Caution: Streamlining Ahead
May 16, 2011
By Karl Wickstrom
Streamlining is a loaded word often used by legislative spin doctors when they promote a bad idea with a barrage of words that imply simplicity and non-controversy.
“No need to worry, folks, we're just streamlining here,” is the subtle message.
But let's do worry.
The proposal at hand could water down or even eliminate the gillnet ban of 1995 that has revolutionized our fisheries for the public's benefit.
Or, depending on endless possible variations, the silver-tongued streamliners could convert hundreds of constitutional provisions into statutes, which could then be wiped out or rewritten by legislators without the public's intrusiveness.
This latest rendition in attempts to stifle citizen initiatives comes from the Florida Senate Judiciary Committee chaired by Sen. Daniel Webster. The project report, burdened with 5,710 words, is called “Options for Streamlining the State Constitution.”
At first blush, the thing seems harmless enough.
The concept is that we should take any “legislative matter” out of the constitution, meaning any provision that could have been addressed by statute. Why? Ostensibly, to avoid “clutter.” I didn't realize we're handicapped by constitutional clutter.
The net ban, smoking ban and lottery came from citizen initiatives that ought to have been statutes, the report indicates, as if they had any chance that way.
Well, gang, these tired arguments are all right to bang around in a political science seminar, but in what's called “the real world,” the present system works just fine.
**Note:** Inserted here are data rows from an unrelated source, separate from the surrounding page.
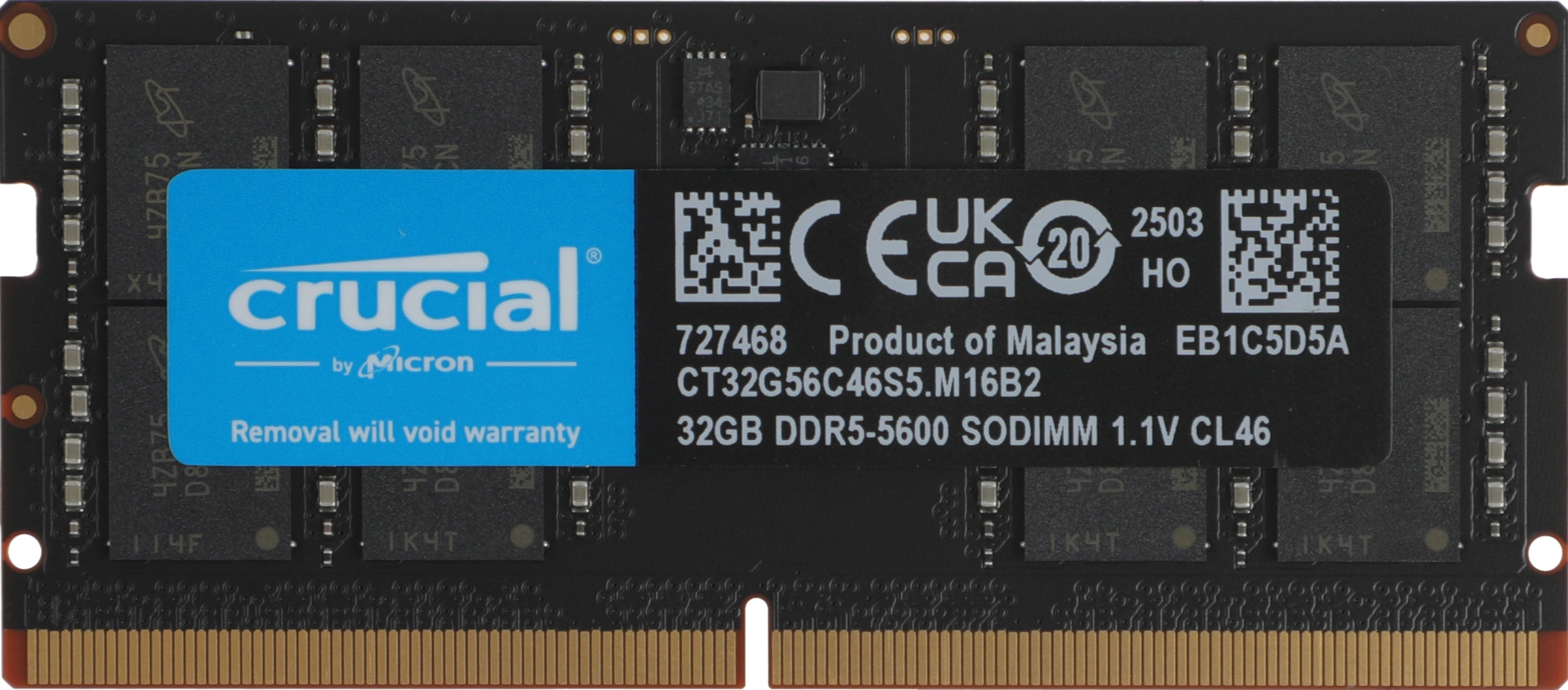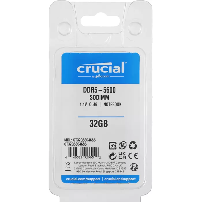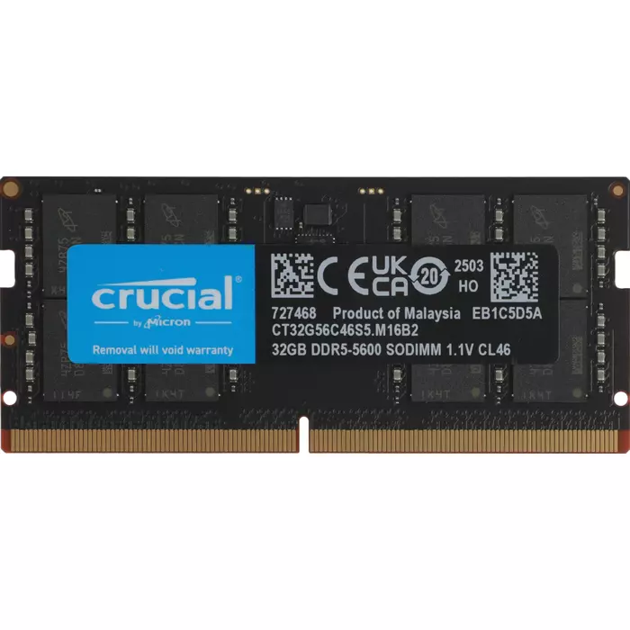 Память Crucial 32GB DDR5 5600MHz PC5-44800 CL46 SO-DIMM 262-pin 1.1В single rank RTL [CT32G56C46S5]
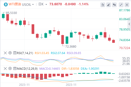 12月4日,周一欧市盘前,原油交投于73.60美元附近。欧佩克+组织决议以及全球燃料需求增长前景不确定,WTI油价继续下跌。
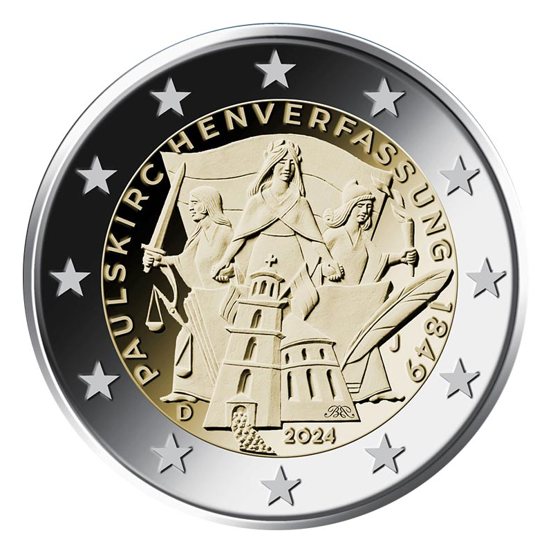 Opis: Na motyw składa się kilka warstw tematycznych. Na pierwszym planie widać perspektywiczny obraz kościoła św. Pawła i wchodzących do niego delegatów na zgromadzenie konstytucyjne. W kolejnej warstwie przedstawiono dokument konstytucji i pióro, które symbolizują rezultat prac frankfurckiego parlamentu. Zwieńczeniem motywu są trzy kobiece alegorie – Jedność, Sprawiedliwość i Wolność – oraz trójkolorowa, czarno‑czerwono‑złota flaga. Dynamiczny trójwymiarowy relief odnosi się do ponadczasowości podstawowych zasad demokracji, które po raz pierwszy spisano i zasadniczo utrwalono w konstytucji frankfurckiej. Wokół wewnętrznej części monety umieszczono napis „PAULSKIRCHENVERFASSUNG 1849” (KONSTYTUCJA UCHWALONA W KOŚCIELE ŚW. PAWŁA 1849), a na dole – rok emisji „2024”, kod kraju emisji (Niemcy) „D”, znak odpowiedniej mennicy („A”, „D”, „F”, „G” lub „J”) oraz inicjały projektanta, berlińskiego artysty Boda Broschata. W otoku monety widnieje 12 gwiazd z flagi Unii Europejskiej.
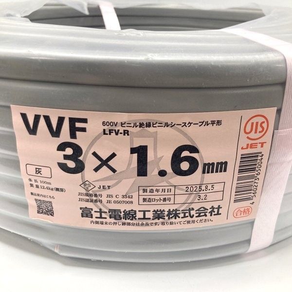 富士電線 VVFケーブル 3×1.6mm 灰色 100m 黒白赤
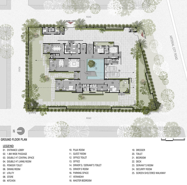 The extensive requirements of the 6 bedroom house are interspersed with sheltered open terraces and landscaped gardens around a 2 floor high naturally ventilated courtyard.
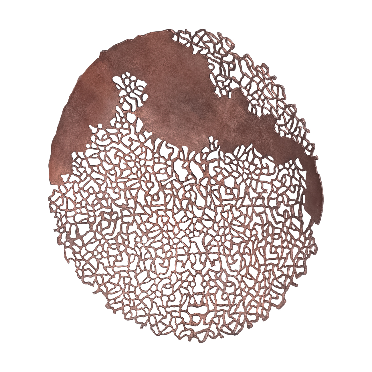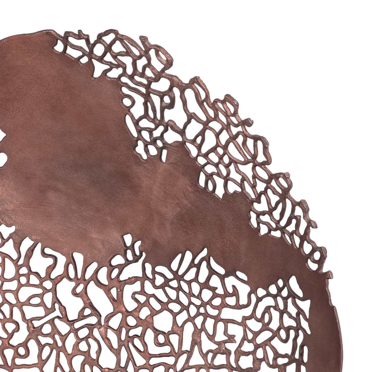 Drawing inspiration from the intricate formations of natural coral, the Apo Coral Wall Plaque is a statement in sculptural design. Cast in aluminium and finished in a distinctive raw bronze tone, it reveals every delicate curve and perforation with quiet precision. The broad, circular form adds depth and drama to a wall, while the open structure allows light and shadow to play across its surface. Ideal for anchoring a console, sofa or dining arrangement, it serves as both art piece and focal point. Also available in a raw silver finish. Dimensions: W92 Ă— D13 Ă— H92 cm
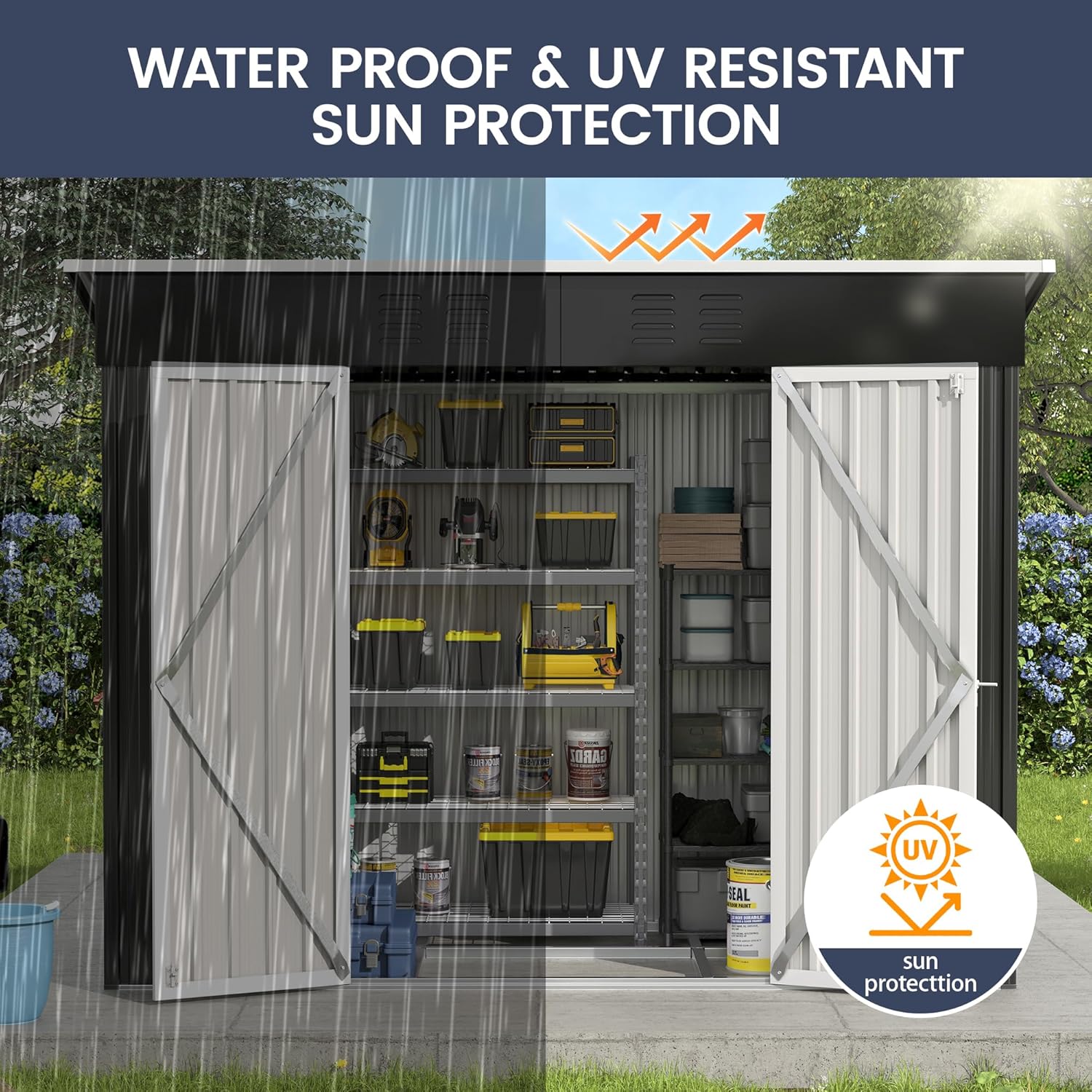 - Sturdy Storage Shed Thicker galvanized steel construction and fewer accessories makes this shed rustproof and UV-resistant. Overlapped wall panels features with waterproof and moister-resistant, worry-free for all weather condition use
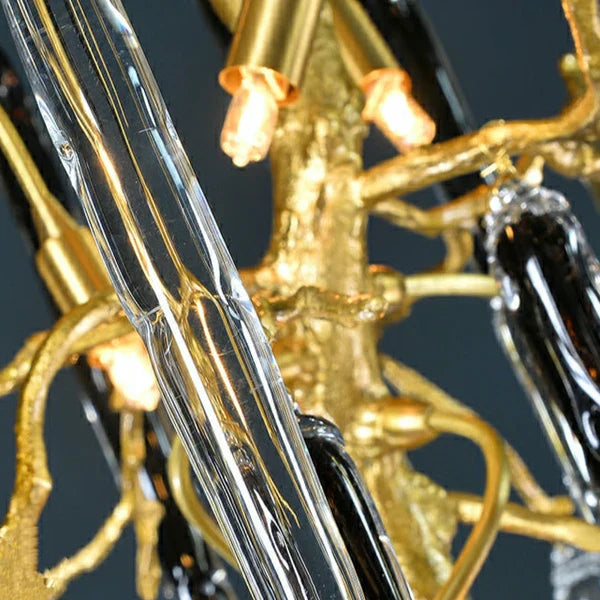 The whole light body is made of high-quality crystal and brass. It is designed into a luxury modern style. It is absolutely stunning no matter light turns on or not.
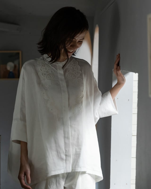 今までKEYCOの付衿で登場したことのある人気のボーラー花刺繍。今シーズンはビブとして少し大きめのアレンジでシャツを彩ります。刺繍は昔から着物の横振り刺繍など様々な刺繍を手掛けてきた群馬県桐生市で1点1点制作。又、シャツ本体には、今回初めて琵琶湖の湖東で丁寧に織られているリネン素材を使用しています。高密度でしっかりとしたリネンは1枚で来ても存在感があり、しなやかなドレープ感が上品な印象です。
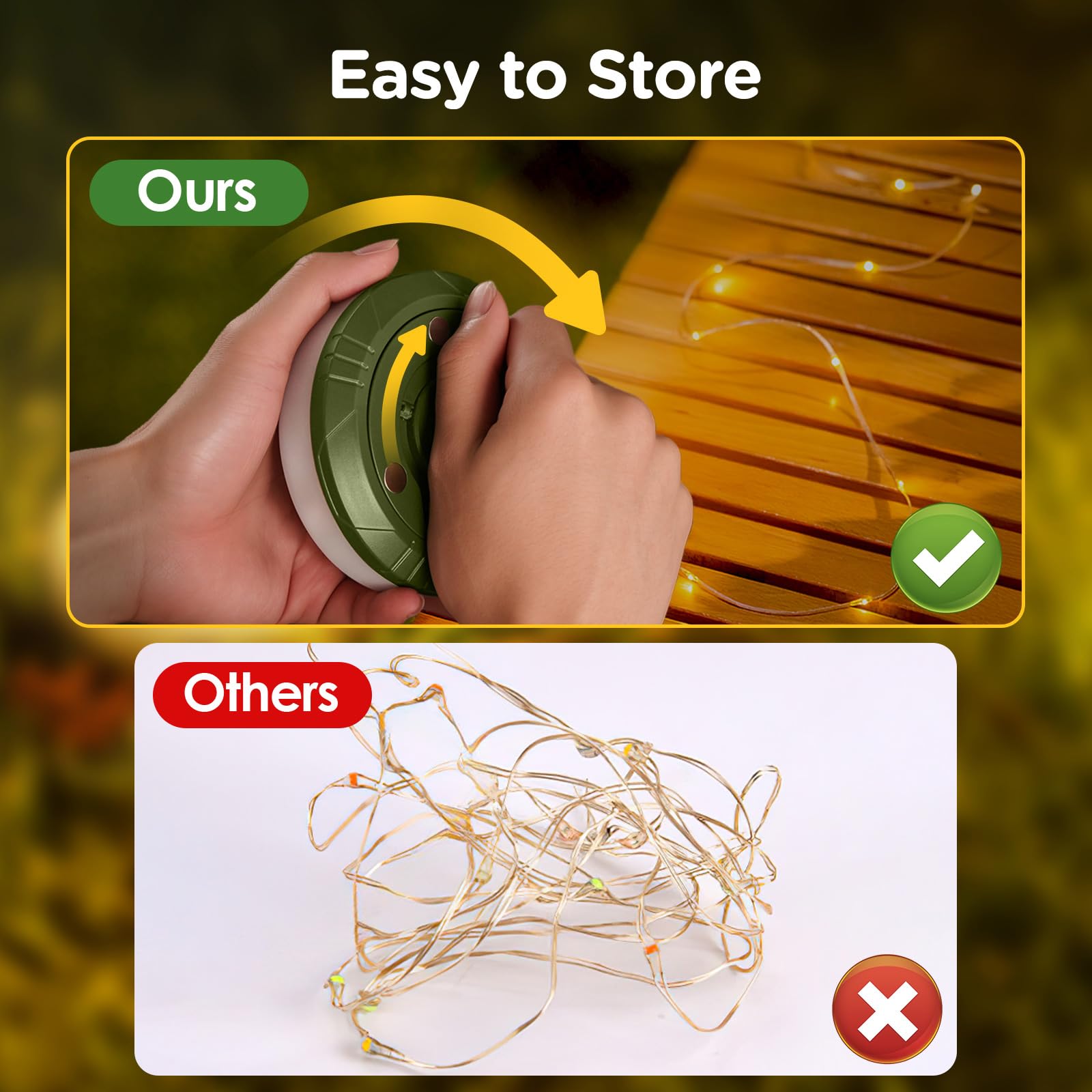 - Portable Storage: The camping light is only 7.4 ounces, very lightweight and portable, it can be easily put into a backpack or handheld device, a quick turn of the handle and the manual device ,32.8FT string lights can resume the camping light in only 30 seconds. The clever design of the string lights for camping ensures portable storage. Undoubtedly a camping essentials.

There are glitches, certainly, but mistakes are made no more often than by the legislature itself.
In the case of the net ban, it's not a question whether the reform should be a statute or constitutional provision. It's either the latter, or nothing.
Legislators in their lack of wisdom had refused to tame the huge gill nets, year after year after year. The citizen initiative was not just a better path to follow, it was the only one.
The successful citizen campaign to limit terms of lawmakers was among other changes forced by the voters after being rejected by legislators.
Small wonder that some of the office holders pushing the so-called streamlining are themselves being “termed out” of the legislature by the public.
It's popular, by the way, for the streamliners to say that the public is flooded with too many initiatives. Sometimes, the media picks up that same lament. But the truth is that only a small percentage of proposals talked about on the street actually make it to the ballot. And the great majority of amendments that do make it are put there not by the people but by legislative resolution.
One of the legislative-born changes will be voted on this fall. It would require that amendments receive at least 60 percent approval by the voters. That, in itself, may be all right.
But at this point any of the streamlining schemes should be considered suspect.